L MW [MD44] Load accum. from marker word whose address is stored in MD 44, If MD44 contains the Pointer P#122.0, then this operation will load the contents of MW122 into the accumulator.

L MW [DBD12] Load accum. from marker word whose address is in DBD 12, If DBD 12 contains the Pointer P#122.0, then this operation will load the contents of MW122 into the accumulator.

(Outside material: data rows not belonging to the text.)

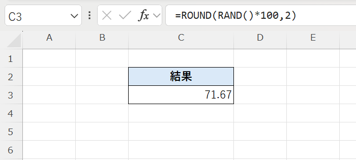 このようにROUND関数と組み合わせることで、小数点以下2桁に丸めた乱数を作ることができます。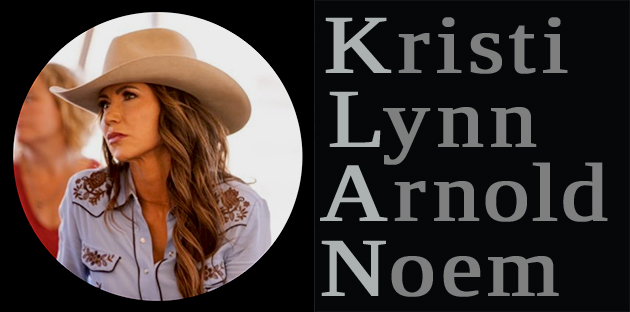 🤠 Kristi Lynn Arnold Noem, seen below in her official X photo, has been U.S. Secretary of Homeland Security in the reign of Donald II since January 25, 2025. Kristi was born to the Arnold family in 1971. At age 18, she claimed the title of South Dakota Snow Queen. Kristi appended the N to her KLAN initials at age 21 upon marrying Bryon Noem.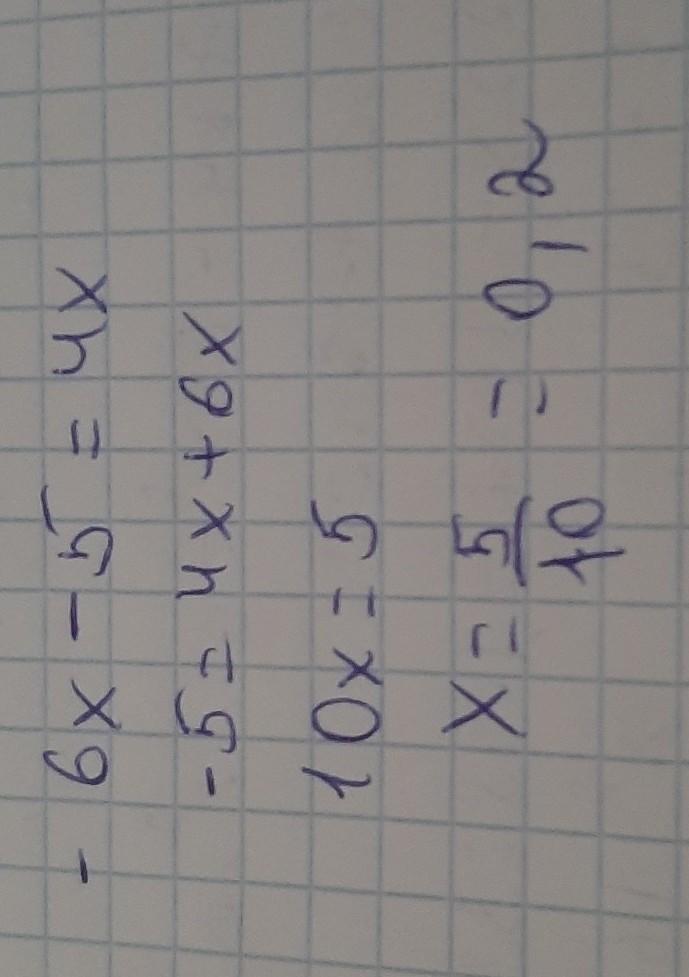 -6x-5=4x

Memory indirect addressing of Peripheral Input memory are shown below:

Example Comment

L PIB [MD22] Load accum. from PI byte whose address is in MD 22, If MD22 contains the Pointer P#122.0, then this operation will load the contents of PIB 122 into the accumulator.

L PIW [DBD38] Load accum. from PI word whose address is in DBD 38, If DBD 38 contains the Pointer P#122.0, then this operation will load the contents of PIW 122 into the accumulator.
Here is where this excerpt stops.